Personally, I would love to put myself out of business because no one else in the world needs the sort of help I offer. Like…that’s the dream. What can we as the human collective build and achieve if we are free from the bounds of trauma and the wounds of disconnection? If we have all paid the debts of pain that we inherited from prior generations and no longer live in service to the past, what can we buy with the coin of our time, energy, and emotional labor? I mean, I don’t know, but I sure want to find out! What other gifts of mine could I then put to use? What new frontier of understanding or vitality could I explore? Again, I don’t know, but I would love to find out!
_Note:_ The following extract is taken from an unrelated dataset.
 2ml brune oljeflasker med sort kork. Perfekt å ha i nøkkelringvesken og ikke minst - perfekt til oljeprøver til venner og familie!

I think a lot of people who work in personal growth and development have, or at least go into their career with, a similar ethos. But the Western world’s cultural habit of goal-focused thinking can easily transform healing work into a hamster wheel. We get addicted to “fixing” ourselves; if we think any flaws or mistakes are just improvements waiting to be made, we can find an endless to-do list. We chase perfection and lose sight of the real goal, which is creating a life we actually want to live. The pursuit of perfection, with its ever-changing goal post – it’s always going to be on the other side of this next improvement – becomes a different form of the same self-rejecting, self-critical mindset that we went into personal growth to try to break out of. And if the people who are trying to teach a better way get caught in that trap, how can they avoid teaching it?
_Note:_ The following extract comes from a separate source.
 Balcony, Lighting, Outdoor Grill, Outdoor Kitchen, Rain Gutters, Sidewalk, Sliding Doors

I can easily see why the criticisms get leveled. Why do we need more resilience? Why can’t our non-resilient way of being be enough? Why can’t we be enough?

But…resilience is the primary quality which allows us to be enough as and where we are.
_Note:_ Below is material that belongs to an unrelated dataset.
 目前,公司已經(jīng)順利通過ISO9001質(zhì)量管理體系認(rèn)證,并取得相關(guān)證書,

Resilience is fundamentally about being able to embrace change and carry hope even in hard times. (And if you want to tell me there is no such thing as hard times, I am just going to laugh. There are objectively difficult experiences that even someone who doesn’t reflexively see the negatives or the lacks can live through and find painful and hard to cope with.) From my experience and perspective, lack of resilience manifests as fear of not being able to adapt to change or survive a change. These fears, whether conscious or unconscious, keep people clinging to patterns, beliefs, ways of being, etc., that have outlived their purpose. Obviously the psyche has a purpose for them – “These habits or coping mechanisms make me feel safe” – but what I mean here is when that orientation is causing a different part of the self to be abandoned, suppressed, or atrophied. The wholeness or integrity of a person is compromised for the singular goal.

Resilience is what allows us to take a hit, absorb the blow, and rise above the pain of it to act from a considered, deliberate place instead of reacting from our emotions, defenses, or instincts. Resilience is built on trust in ourselves to adapt to changes and to come back into alignment with our highest good.

I know the push to view all experiences as “teachable moments” or growth opportunities can become constricting. That philosophy reframes everything into positive terms, and it can also begin to feel like blaming or shaming. If you’re having a bad experience, you are the problem, because you can’t accept it or reframe it into some beautiful lesson. Frankly, that’s bullshit. Sometimes life is hard. Sometimes bad things happen that are not our fault and that no amount of mindset work can turn into something positive. That doesn’t mean we can’t learn anything from those experiences or find a way to come out from them better; but the inner strength that allows us to do that? To walk through hell and come out with hope? That’s resilience.

Allowing yourself to experience only positive emotions leads to living with blinders or with a non-acceptance of discomfort. For me, inner resilience is what allows me to find value in the painful things, or the boring experiences, the uncomfortable growing along with the fun expansive parts. Resilience is what allows me to be fully human and fully present to the life I have, the life I am living, not chasing perfection or waiting until I and my life are both perfect before I can really live.

So when I say we need more resilience, what I mean is that we need more acceptance and more willingness both to be where we are and to acknowledge that where we are will change – and we can help change it.